Глава вторая
БРУКЛИНСКИЙ МАЛЬЧИК, ИЛИ «СЫН ПОРТНОГО — ИНТЕЛЛЕКТУАЛ»

Миллера, как мы уже знаем, патриотом Америки никак не назовешь. Но вот патриотом Бруклина можно назвать с полным основанием — «бруклинским мальчиком» или «патриотом Четырнадцатого квартала Бруклина», как он сам себя именовал. «Мое истинное образование, — будет вспоминать он, — началось на улице, на пустырях, в холодные ноябрьские дни или на ночных перекрестках, где мы часто гоняли на коньках».

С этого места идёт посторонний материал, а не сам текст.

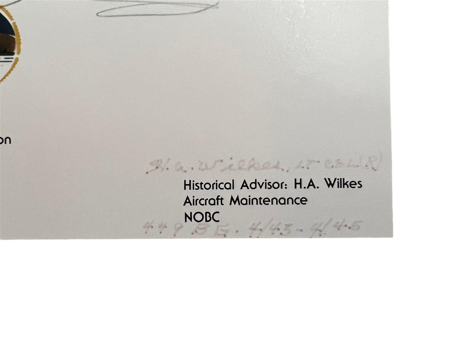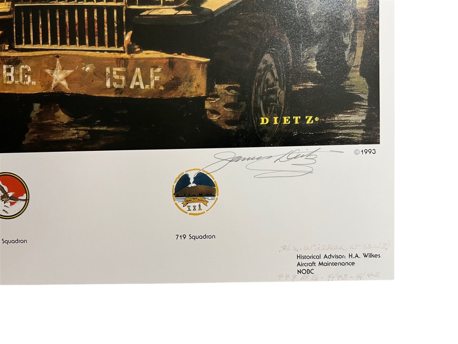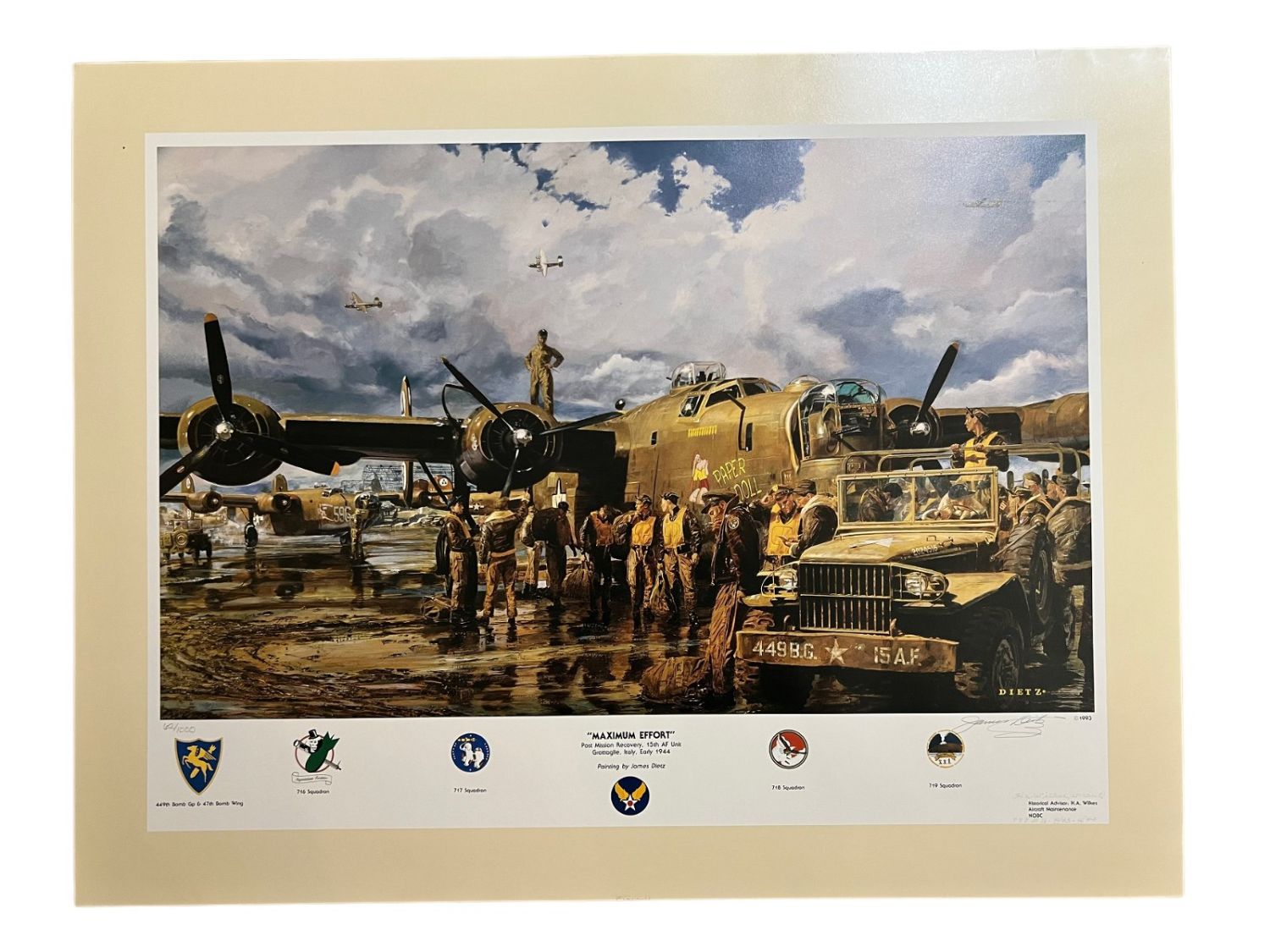 Maximum Effort is a signed print by artist James Dietz and a limited edition numbered 62/1000. Not only is the print signed by the artist, but also by Lt. Col HA Wilkes who was the historical advisor and attached to the 449th Bomb Group during WWII. This work illustrates what it was like to be on a bomber field in 1944, depicting the 15th Air Force in Italy after a tough mission. Weary flight crews drag their flight bags; officers are quickly debriefed while the flight engineer discusses damage to the number three engine with the ground crew. The aircraft pictured, Paper Doll and Reluctant Liz, were both later lost in raids over Romania. Approximate size is 21.75 x x 28.25 inches. Nice overall condition with a couple minor creases most likely from being rolled during storage.

Мир за пределами дома (что первого, что второго) был не в пример ярче, разнообразнее, заманчивее, чем сам дом. Куда более многообещающим, но и более рискованным, непредсказуемым. Неизведанным. Это был мир, как сегодня бы сказали, «открытых возможностей». Одно плохо: мир этот, в отличие от мира домашнего, привычного, еще предстояло завоевать, проявить себя в нем, заявить о себе. Овладеть непростым искусством — быть одновременно и таким, и не таким, как все. Открытых возможностей было сколько угодно, но пойди ими воспользуйся!

На первых порах Генри Миллер из среды сверстников особо не выделялся. Охотно и умело играл в «классы», в «домики», в чехарду, гонял на велосипеде: «Мы могли есть, пить и спать в седле». Позже — в «войну», в «пиратов», в «полицейских и разбойников», причем в роли пиратов и разбойников будущий бунтарь выглядел увереннее, чем в роли блюстителей порядка. Летом вместе со сверстниками без устали носился по улицам, лихо перемахивал через заборы, прятался во дворах, жег костры на пустырях, кидался камнями. Зимой — с той же сноровкой и азартом кидался снежками и съезжал с горки на санках, ухитряясь не врезаться в забор и не выкатиться под колеса проезжавших автомобилей и трамваев. С возрастом увлечение снежками и игрой в пиратов проходит и приходится овладевать наукой более сложной. Следуя примеру мальчиков повзрослее (ах, как же хочется поскорее повзрослеть!), он часами бродит по улицам без всякого дела, стоит, «подпирая» фонарный столб, на который пару лет назад лихо взбирался, и тупо, с деланым безразличием пялится на проходящих девочек, которые не обращают на него решительно никакого внимания.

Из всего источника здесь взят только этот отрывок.